I don't know. I'm fine with it not being a range and leaving it up to the
programmer, but part of the point here is that the programmer needs to
understand Unicode well enough to be able to do the right thing in cases
like this or they're screwed anyway. And if strings (of any variety) operate
as ranges of code units by default, the fact that there's a problem when
someone screws it up is going to be a lot more obvious.

Forcing people to call a function like by!char or by!dchar still requires
that they deal with all of this. It just makes it explicit. And that's not
necessarily a bad idea, but if someone is going to be confused by something
like split splitting in the middle of code points, they're going to be in
trouble with the bu function anyway.

> The idea of adding overloads was to introduce a bit of
> user-convenience, s.t. they don't have to say
>
> readText("foo".rcstring.by!char)
>
> all the time.

The wouldn't be doing anything that verbose anyway.

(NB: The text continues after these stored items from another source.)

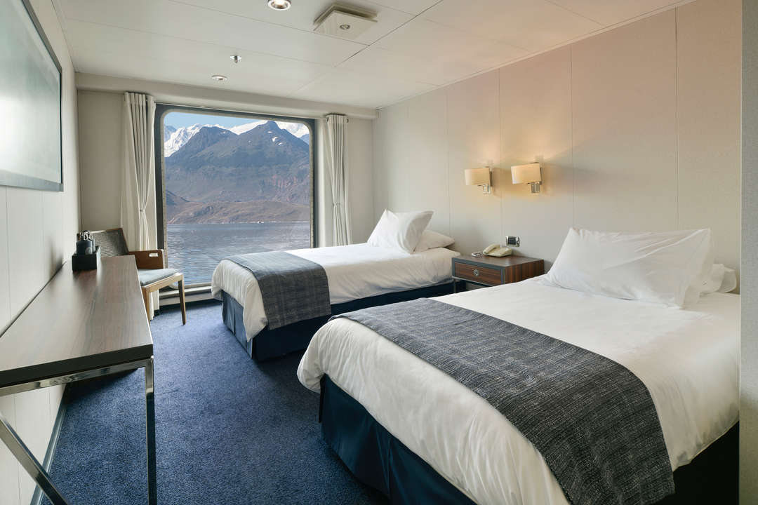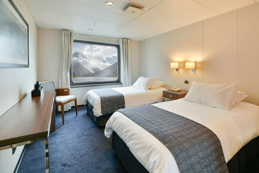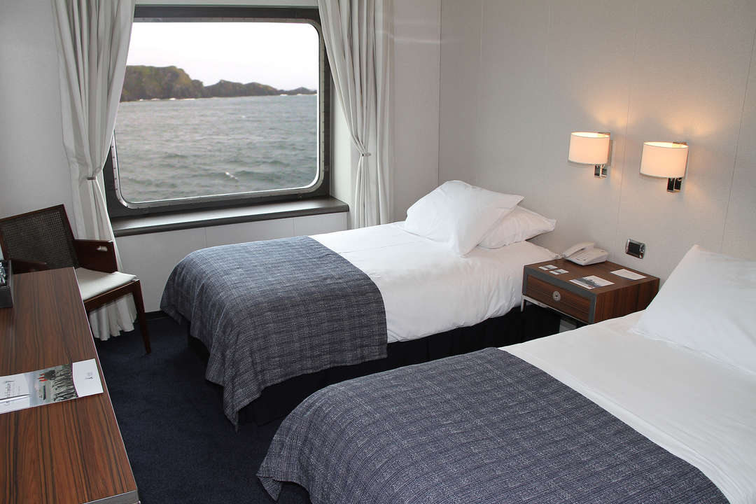 All cabins feature windows and are furnished with two twin beds, independent heating, a safe, and a closet. Each cabin also has a private bathroom equipped with a hairdryer. Electric power is 110–220 V.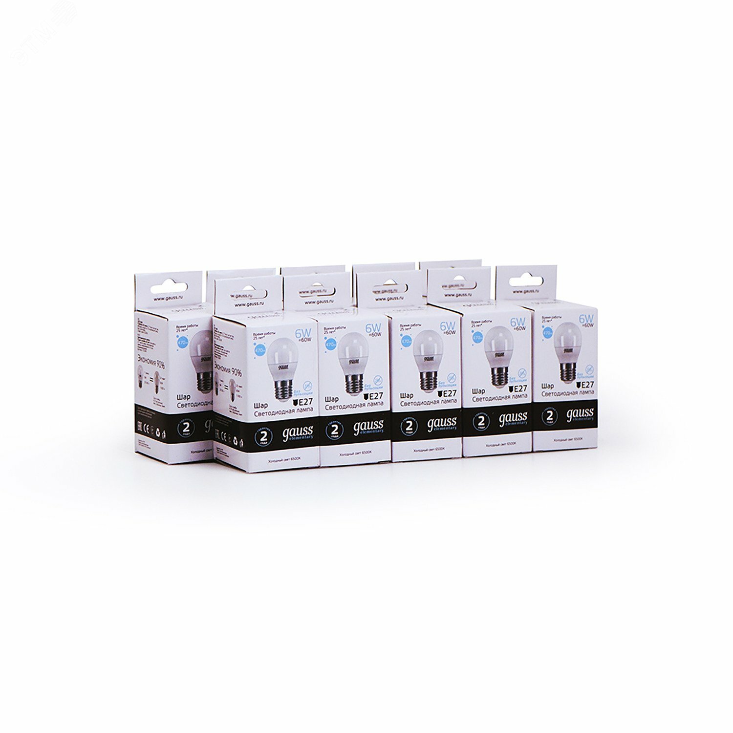 (10 шт) Лампа Gauss Elementary Шар 6W 470lm 6500K Е27 LED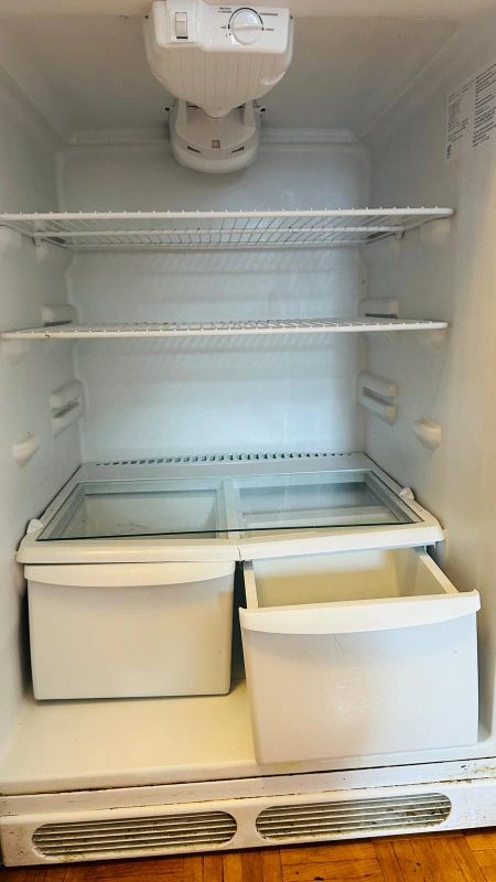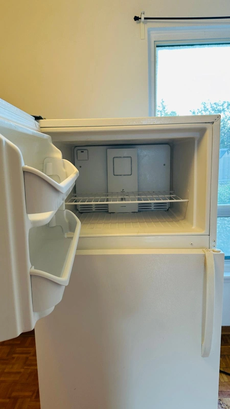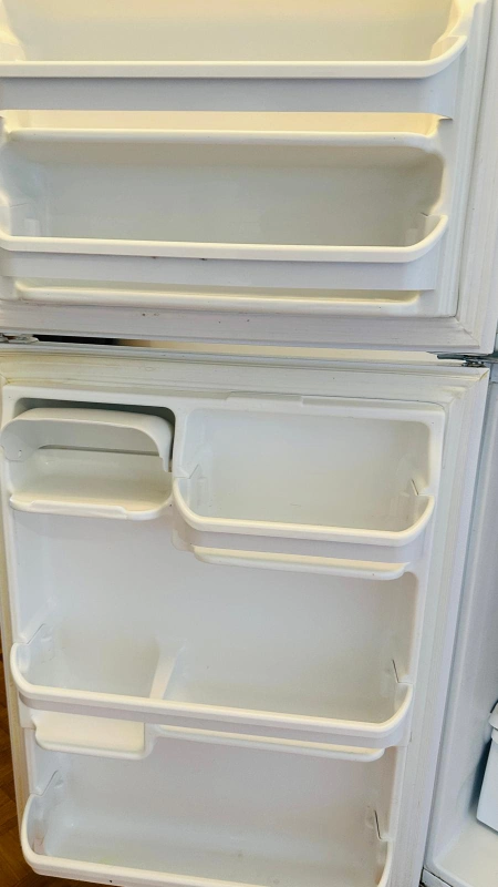 Selling a white Frigidaire refrigerator with a top freezer. It's in good working condition and ready to keep your groceries fresh! The interior is clean, and it includes all the shelves and drawers you see in the photos. Perfect for a small family or apartment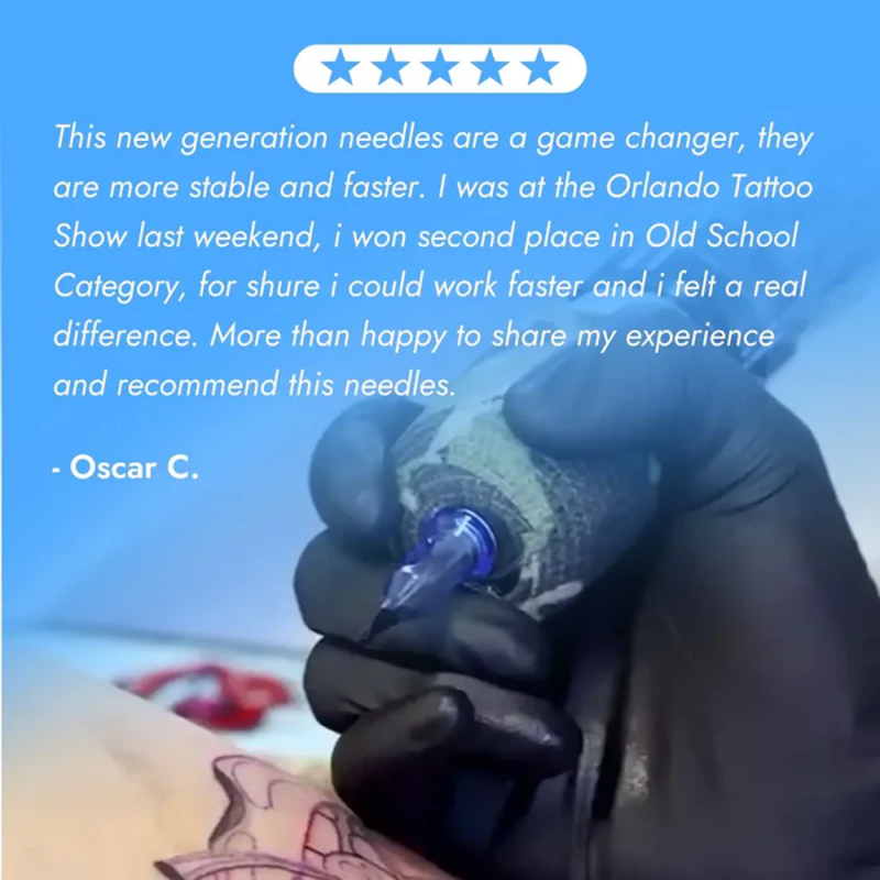 Pevnější konstrukce přispívá k klidnějšímu průběhu při proceduře. Jehly jsou až 2× odolnější než běžné a lépe drží tvar. Barevné provedení usnadňuje rychlou orientaci ve výbavě. Díky tomu je to skvělá volba pro umělce, kteří střídají různé styly a chtějí jistotu v každém kroku.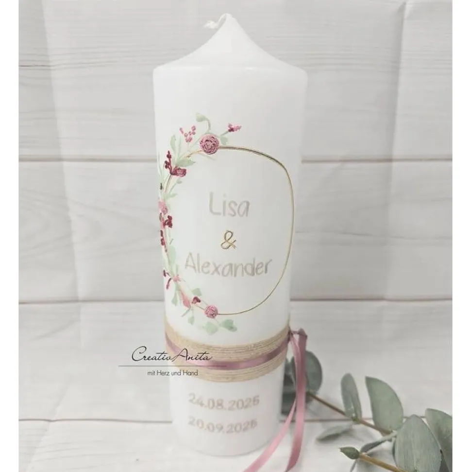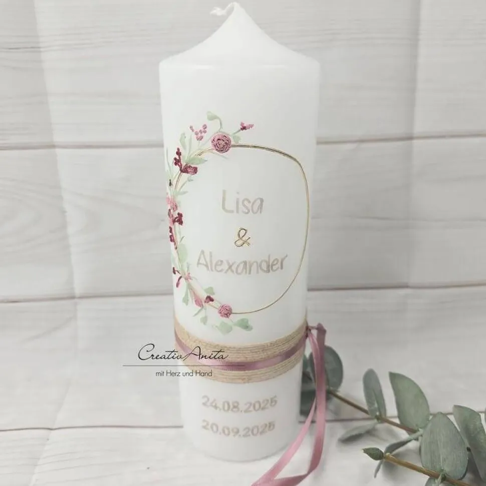 Die Kerze wird durch hochwertige Schleifen-, Spitzen- und Jutebänder aufgewertet.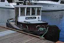 The Pete Culler-designed yard tug CAPN PETE has served the The Center For Wooden Boats (CWB) for years in many capacities. This year, the sun was just right to get a good look at her bow puddening, or fender. The wear on her towing post (not shown) implies she has been quite busy in her assigned duties of late, probably necessitated by all the work that has been accomplished at CWB over the past year.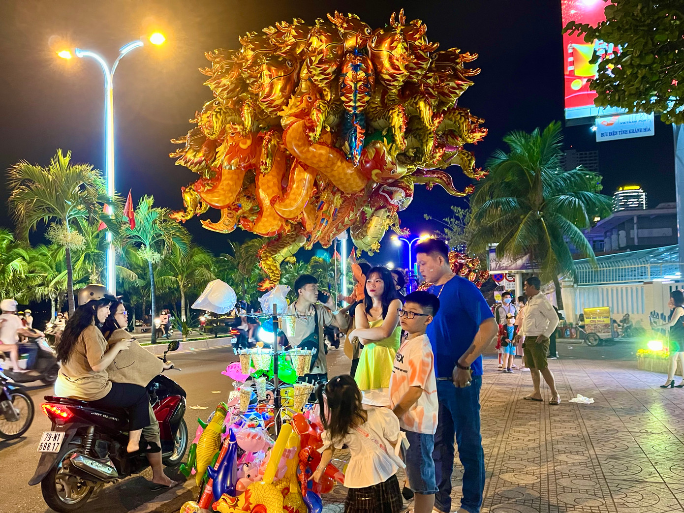 | Anh Đỗ Ngọc Duy (29 tuổi, người dân TP Nha Trang) chia sẻ: “Sau khi dọn dẹp nhà cửa xong, tôi và gia đình ra đây đón năm mới. Không khí ở đây rất náo nhiệt, mọi người ra đường rất đông. Chúng tôi đang rất mong chờ đến khoảnh khắc bắn pháo hoa mừng năm mới”. |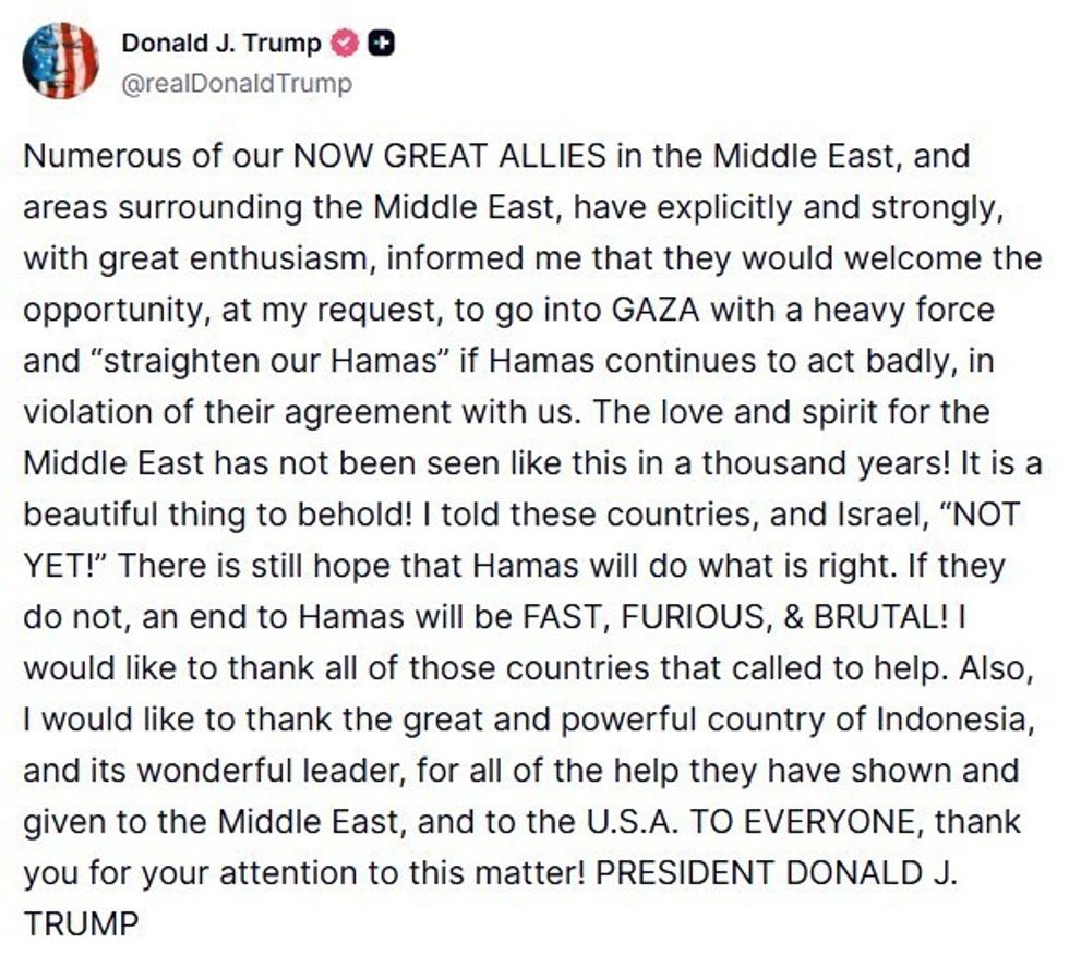 Trump shkroi se disa vende të Lindjes së Mesme thanë se janë gati të dërgojnë trupa në Gaza "nëse Hamasi vazhdon të veprojë keq, duke shkelur marrëveshjen e tyre me ne".
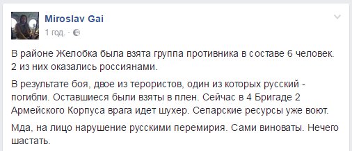 "В результаті бою, двоє з терористів, один з яких росіянин - загинули. Решта були взяті в полон", - написав Гай.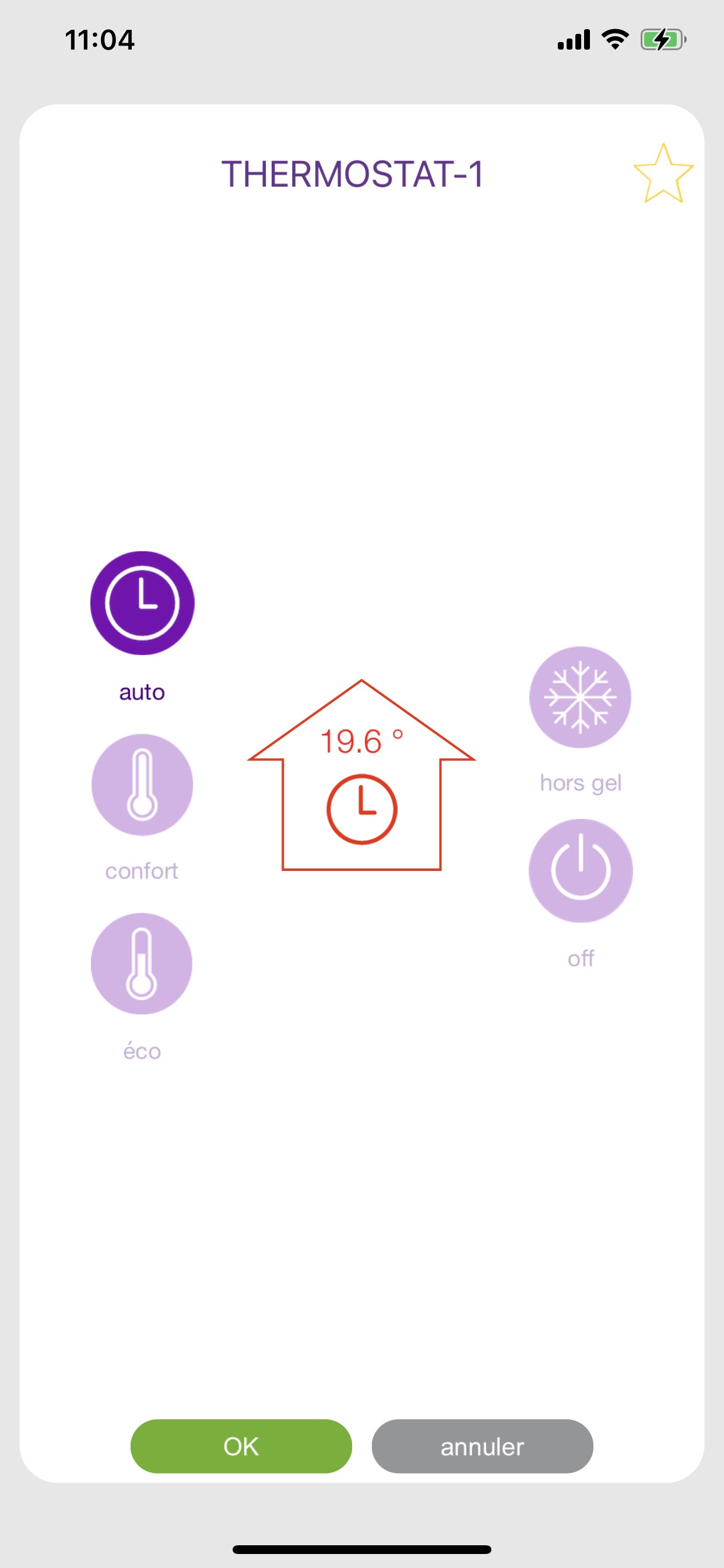 J'ai bien le contrôle sur le Programmateur global et je peux le basculer AUTO, ECO, CONFORT, HORS GEL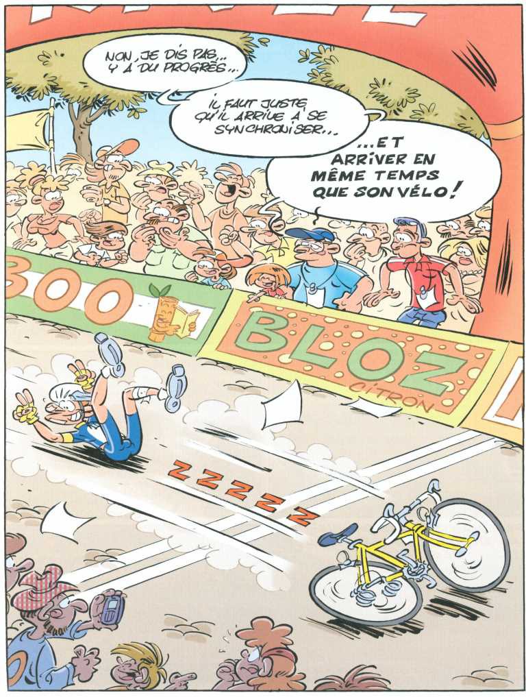 Résumé (de l’éditeur) : Laurent Jalabert a disparu ! Le grand champion cycliste, reconverti dans le triathlon et consultant audiovisuel, aurait été vu pour la dernière fois enjambant la « Selle », petite rivière desservant les villages de Granplato, Petipignon, Coursan-la-Selle et Pignon-sur-Rut, entre autres. Enlèvement ? Retour aux sources ? Personne ne sait… Ah si ! On nous signale que notre Jaja national serait sain et sauf au sein du club des Vélomaniacs de Pignon-sur-Rut, où il épaulerait le coach du club pour élever le niveau. Fini le Vélo, boulot, dodo ! Avec Jaja, les Vélomaniacs attaquent le triathlon de l’humour !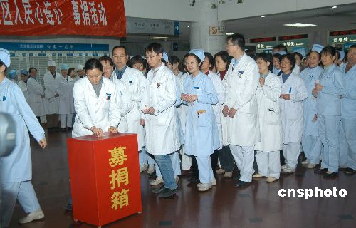 二月五日,北京世紀(jì)壇醫(yī)院職工排隊(duì)為受災(zāi)的南方省、市衛(wèi)生廳、局捐款。北京衛(wèi)生局四日向全市衛(wèi)生系統(tǒng)發(fā)出緊急通知,號(hào)召廣大醫(yī)務(wù)人員向冰雪災(zāi)區(qū)緊急捐款。據(jù)不完全統(tǒng)計(jì),截止五日,已累計(jì)捐款四百一十八萬八千元人民幣。這是北京衛(wèi)生系統(tǒng)近年來在捐款活動(dòng)中,時(shí)間最短、數(shù)量最多的一次。中新社發(fā) 曾利明 攝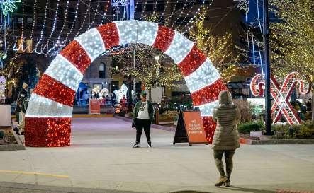 Bring the whole family downtown to explore Candyland — a glowing wonderland with giant light features, a gingerbread house, festive figures and photo worthy winter backdrops.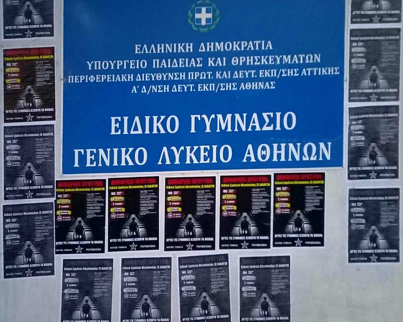 Ρουβίκωνας: Νέα “επίσκεψη” με αφίσες στο Ειδικό Σχολείο
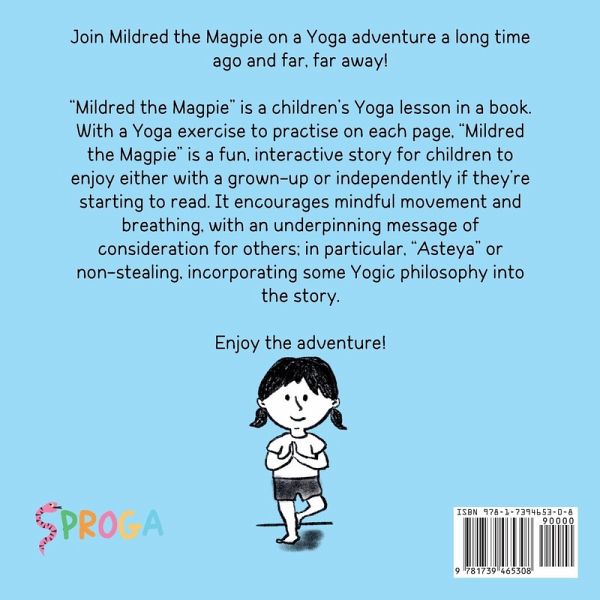 Join Mildred the Magpie on a Yoga adventure a long time ago and far, far away! "Mildred the Magpie" is a children's Yoga lesson in a book. With a Yoga exercise to practise on each page, "Mildred the Magpie" is a fun, interactive story for children aged 3 and upwards to enjoy either with a grown-up or independently if they're starting to read. It encourages mindful movement and breathing, with an underpinning message of consideration for others; in particular, "asteya" or non-stealing, incorporating some Yogic philosophy to the story. Enjoy the adventure!

In that case, you'd just
pass the string literal. At most, they'd be doing something like

readText(str.by!char);

And of course, readText is definitely _not_ @nogc. But regardless, these are
functions that are designed to be generic and take ranges of characters
rather than strings, and adding overloads for specific types just because we
don't want to call the function to get a range over them seems like it's
going in totally the wrong direction. It means adding a lot of overloads,
and we already have quite a mess thanks to all of the special-casing that we
have to avoid auto-decoding without getting into adding yet another set of
overloads for rcstring. We've put in the effort to genericize these
functions and make many of these functions work with ranges of characters
rather than strings, and I really don't think that we should start adding
overloads for specific string types just because we don't want to treat them
as ranges directly.

I'd honestly rather see an rcstring type that was just treated as a range of
char than see us adding overloads for rcstring. That's what arrays of char
should have been treated as in the first place, and we already have to do
stuff like byCodeUnit for strings anyway, so having to do by!char or
by!dchar really doesn't seem like a big deal to me - especially if the
alternative is adding a bunch of overloads.

- Jonathan M Davis